CTA orders BIR to refund San Miguel Brewery P146-M in ‘illegally collected excise taxes’ on beer products


The Court of Tax Appeals (CTA) has ordered the Bureau of Internal Revenue (BIR) to refund or issue tax credit certificate for P146.87 million to San Miguel Brewery, Inc. (SMB) “representing erroneously, excessively or illegally collected excise taxes” on the firm’s beer products in 2018.

The order was contained in the decision handed down on July 5, 2023 by the CTA’s second division and written by Associate Justice Lanee S. Cui-David with the concurrence of Associate Justice Jean Marie A. Bacorro-Villena.

The dispositive portion of the decision:

“Respondent (BIR) is ordered to refund or issue a Tax Credit Certificate in favor of petitioner (SMB) in the amount of P146,874,555.07, without legal interest, representing erroneously, excessively, and/or illegally collected excise taxes due on the removals of 'San Mig Light' in can, in bottle and kegs, 'San Miguel Premium All Malt Beer,' in bottle and in can, 'San Miguel Pale Pilsen' in can, 'Super Dry' in can, 'Red Horse' in can, 'San Mig Zero' in bottle, 'San Miguel Flavored Beer-Apple' in bottle, and 'San Miguel Flavored-Lemon' in bottle for the period covering Jan. 1, 2018 to Dec. 31, 2018.”

The decision granted partially the petition filed by SMB on Dec. 11, 2019 against the BIR commissioner.

SMB told CTA that the excise tax rate of P25.03 per liter imposed on its beer products from Jan. 1 to Dec. 31, 2018 contradicts the provisions of the 11th paragraph of Section 143 of the National Internal Revenue Code (NIRC) of 1997, as amended by Republic Act No. 10351, the Sin Tax Reform Law.

It said the tax rate is not valid because the previous tax rates of P20.57, P21.39, P22.25, P23.14, and P24.07 from which it was derived was based on Revenue Memorandum Circular (RMC) No. 90-2012 and Revenue Regulations (RR) No. 17-2012.

It pointed out the two issuances are directly contradictory to and inconsistent with the provisions of the relevant paragraphs of Section 143 of the NIRC.

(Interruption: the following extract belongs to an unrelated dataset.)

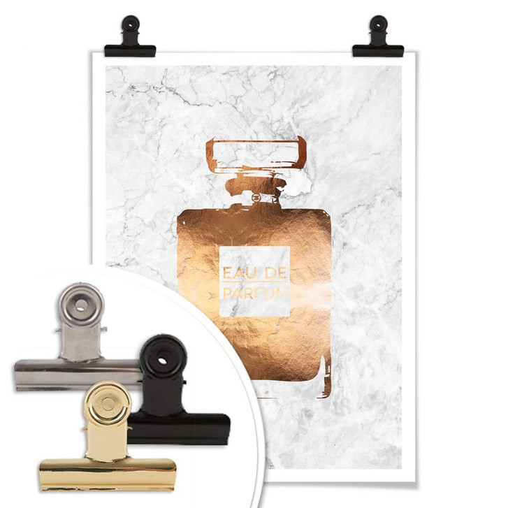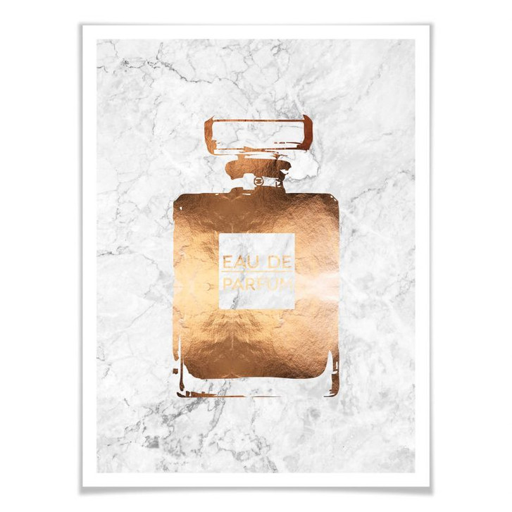 Schmücke deine Wand mit dem trendigen Poster im Kupfer-Look! Der Parfumflakon auf dem Marmorhintergrund ist ein Hingucker an der Wand. Das Poster mit dem aufgedruckten Kupfereffekt ist in verschiedenen Grössen erhältlich. Die kreative Wandhalterung kannst du gleich mitbestellen.

It said that Section 143 of the NIRC provides that if the net retail price per liter of volume capacity is P50.60 or less, the tax should be P15 per liter, and if the net retail price per is more than P50.60, then the tax should be P20 per liter as of Jan. 1, 2013. It also said that effective Jan. 1, 2017, the tax on all fermented liquors should be P23.50.

The BIR sought the dismissal of the case.  It said that “assuming that the Court (CTA) may take cognizance of cases involving validity or constitutionality of BIR issuances, the Court should dismiss the instant petition due to petitioner's non-exhaustion of administrative remedies,”

It also said that SMB “is not entitled to a tax refund because there was no erroneous or illegal collection of excise taxes; and claims for refund are construed strictly against the taxpayer and in favor of the government.”

The CTA sided with SMB and said the pertinent provisions of RMC No. 90-2012 and RR No. 17-2012 are indeed invalid for being contrary to Section 143 of the NIRC, as amended by RA 10351.

"Courts will not countenance administrative issuances that override, instead of remaining consistent and in harmony with the law they seek to apply and implement," the CTA said.

“In sum, petitioner has duly established that the removals of the subject beer products for the year 2018 in the total of 248,939,935.60 liters should have been subjected to an excise tax rate of only P24.44 per liter under Section 143 of the NIRC of 1997, as amended by RA No. 10351, as opposed to P25.03 per liter imposed by respondent. Thus, the 'P0.59 per liter difference in tax rates was erroneously, excessively and/ or illegally collected on the subject beer removals of 248,939,935.60 liters amounting to P146,874,555.07,” it said.

Under the rules, the decision can still be appealed to the CTA as a full court.